ACTION ITEM:
From the line containing "Ориентировочно так, схема" through the end of the entries, please repeat every line exactly and nothing more; the pictures do not belong in the copy.

SUPPLIED RECORDS:
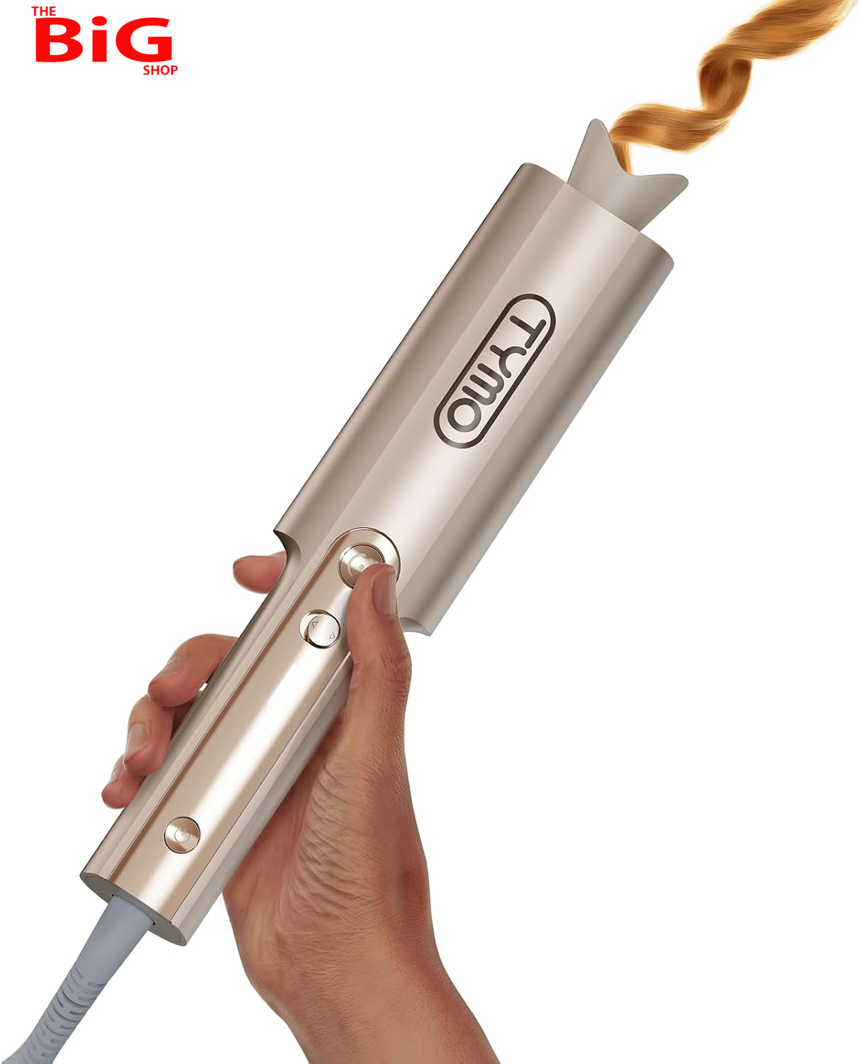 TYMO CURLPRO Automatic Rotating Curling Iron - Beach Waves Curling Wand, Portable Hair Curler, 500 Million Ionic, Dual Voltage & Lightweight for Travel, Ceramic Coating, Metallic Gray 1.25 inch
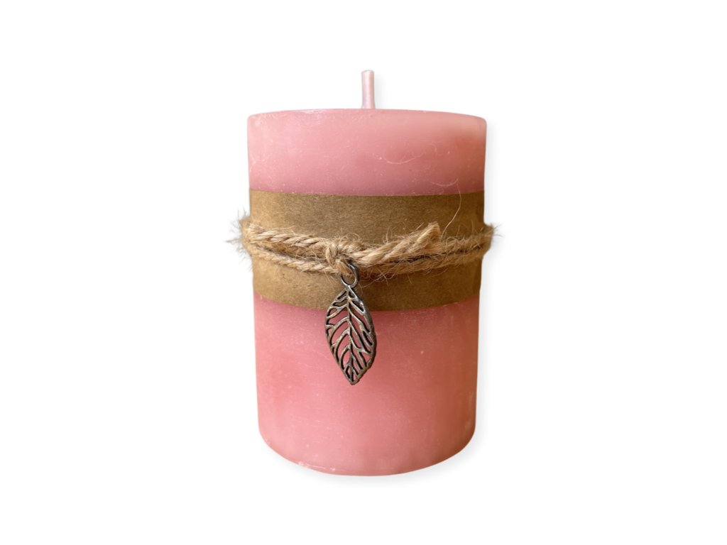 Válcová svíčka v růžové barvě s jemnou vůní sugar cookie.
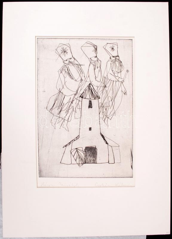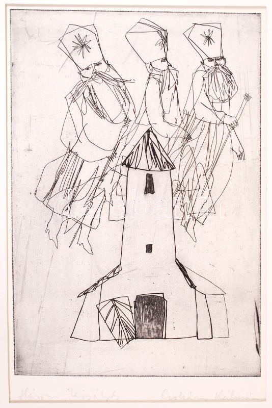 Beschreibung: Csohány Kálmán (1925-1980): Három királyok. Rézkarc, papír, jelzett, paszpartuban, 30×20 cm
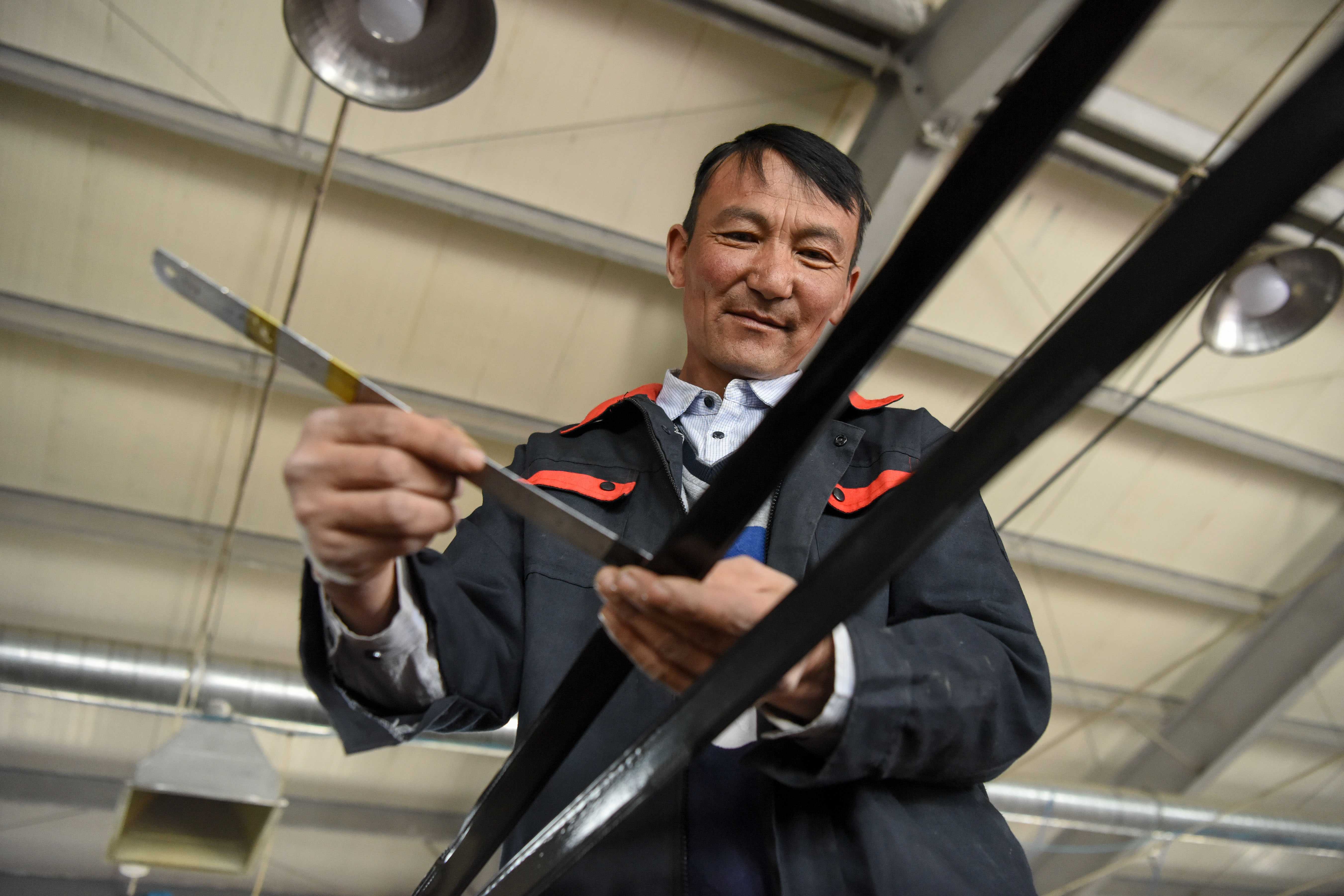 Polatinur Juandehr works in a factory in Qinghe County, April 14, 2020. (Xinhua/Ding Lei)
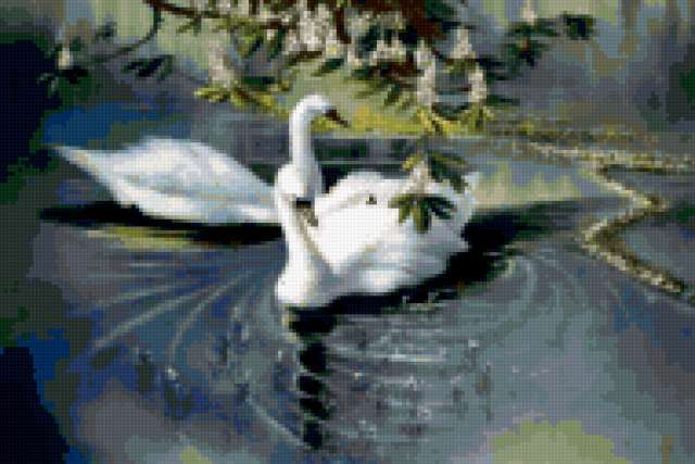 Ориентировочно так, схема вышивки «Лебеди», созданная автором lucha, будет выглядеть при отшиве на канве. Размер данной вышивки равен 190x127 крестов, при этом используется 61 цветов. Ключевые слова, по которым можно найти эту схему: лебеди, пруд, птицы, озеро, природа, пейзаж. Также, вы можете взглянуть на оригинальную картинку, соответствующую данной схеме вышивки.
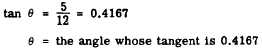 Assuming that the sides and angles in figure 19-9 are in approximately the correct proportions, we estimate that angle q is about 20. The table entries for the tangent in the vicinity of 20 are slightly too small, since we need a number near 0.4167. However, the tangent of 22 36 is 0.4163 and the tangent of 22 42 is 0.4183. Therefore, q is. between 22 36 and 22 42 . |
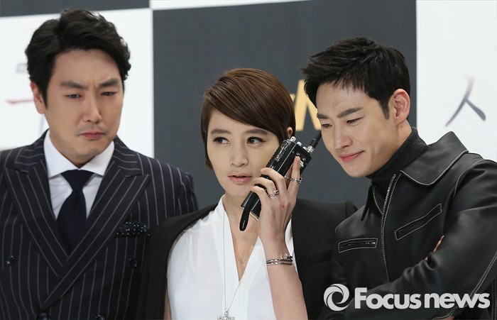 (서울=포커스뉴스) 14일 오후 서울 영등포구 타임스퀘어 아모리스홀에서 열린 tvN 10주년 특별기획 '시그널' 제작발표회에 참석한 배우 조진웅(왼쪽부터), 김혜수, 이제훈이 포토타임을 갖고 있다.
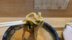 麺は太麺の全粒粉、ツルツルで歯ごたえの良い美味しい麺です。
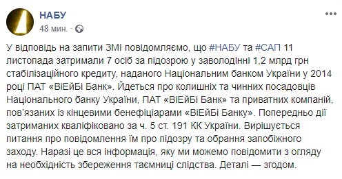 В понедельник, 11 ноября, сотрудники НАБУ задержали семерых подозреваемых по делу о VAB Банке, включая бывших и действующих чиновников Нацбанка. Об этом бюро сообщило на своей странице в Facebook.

EXERCISE RESULT:
 Ориентировочно так, схема вышивки «Лебеди», созданная автором lucha, будет выглядеть при отшиве на канве. Размер данной вышивки равен 190x127 крестов, при этом используется 61 цветов. Ключевые слова, по которым можно найти эту схему: лебеди, пруд, птицы, озеро, природа, пейзаж. Также, вы можете взглянуть на оригинальную картинку, соответствующую данной схеме вышивки.
 Assuming that the sides and angles in figure 19-9 are in approximately the correct proportions, we estimate that angle q is about 20. The table entries for the tangent in the vicinity of 20 are slightly too small, since we need a number near 0.4167. However, the tangent of 22 36 is 0.4163 and the tangent of 22 42 is 0.4183. Therefore, q is. between 22 36 and 22 42 . |
 (서울=포커스뉴스) 14일 오후 서울 영등포구 타임스퀘어 아모리스홀에서 열린 tvN 10주년 특별기획 '시그널' 제작발표회에 참석한 배우 조진웅(왼쪽부터), 김혜수, 이제훈이 포토타임을 갖고 있다.
 麺は太麺の全粒粉、ツルツルで歯ごたえの良い美味しい麺です。
 В понедельник, 11 ноября, сотрудники НАБУ задержали семерых подозреваемых по делу о VAB Банке, включая бывших и действующих чиновников Нацбанка. Об этом бюро сообщило на своей странице в Facebook.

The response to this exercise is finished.